Were we to always take our stance in the mode of I-It, of mastery, or working without limits, surely our world will become uninhabitable for future generations. This attitude could lead to hedonism, or radical consumerism.

Were we to always take our stance in the mode of I-Thou, of Shabbat, of preservation, it would be hard, if not impossible to sustain humanity at nearly any level of what we would call advanced civilization. If one could sustain this level of awareness of the divine as experienced in nature, who would be willing to cut down a tree, let alone take the life of a living creature?

Neither extreme is sustainable, and no one advocates living according to one extreme or another. We seek synthesis. Therefore, we walk a tightrope, balancing each attitude in an effort to both cultivate a sense of awe and wonder for God’s Creation and at the same time to meet humanity’s materials and physical needs.

But humanity has not walked this tightrope well balanced between these two modes. For too long, we have leaned towards the side of mastery, of working, and living in the mode of I-It. Short term, economically focused, without forethought to sustainability or the needs of future generations. We see where this attitude has lead, and we see where we are heading if we don’t change course.

It is time for humanity to lean the other way: to fault on the side of Shabbat, stewardship, of preservation, and of standing in the world more with the mode of I-Thou.

We need to re-read the Torah’s narrative with this perspective in mind. Genesis 1 is close to the truth: we find ourselves in a universe that has been around far longer than we have. Genesis 2 lays out the balancing act we must do: doomed to stewardship. There is no escaping this role. Even Genesis 1 teaches that human dominion can only be stewardship, because we are not autonomous nor sovereign rulers in a world that is not ours. We either accept this or reject role, but we cannot ignore it. We have been entrusted with this world, and we are responsible to the Entruster, which if not God, are our great-great-great-grandchildren.

How are we even capable of managing the world?

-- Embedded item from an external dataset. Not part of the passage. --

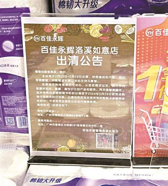 百佳永辉广州番禺洛溪如意店发布“出清公告”。

How will we ever know enough to perform this task wisely? We have no choice but to try to do so. But to attempt to manage the world is hubris. We don’t need to manage the earth much as we need to manage ourselves, our stance, our attitude in the world.

This will call for our humility, restraint, and choosing different actions than we normally would choose. What can we do? We are just a small handful of people.

The great sage Rabbi Israel Salanter, said that he once thought he could change the entire world, but when that proved too difficult, he sought to change his community. When that proved too difficult, he sought to change his family. When even that proved beyond his capacity, he realized that he could only change himself. And we must begin with ourselves.

Throughout this year, we as a congregation are going to have many opportunities to examine these questions, to consider our attitudes, and to think about the choices that we make on a daily basis.

  • What will we eat?
  • What will we purchase?
  • How will we treat and use our resources?
  • Where will we travel?
  • How will we get there?
  • For what policies will we lobby our government for
  • What technologies and innovations will we embrace and which will we reject?

We always choose how we stand in the world. This year, and every year into the future, let us take our stance in the world and rise to our role as loyal stewards of God’s creation.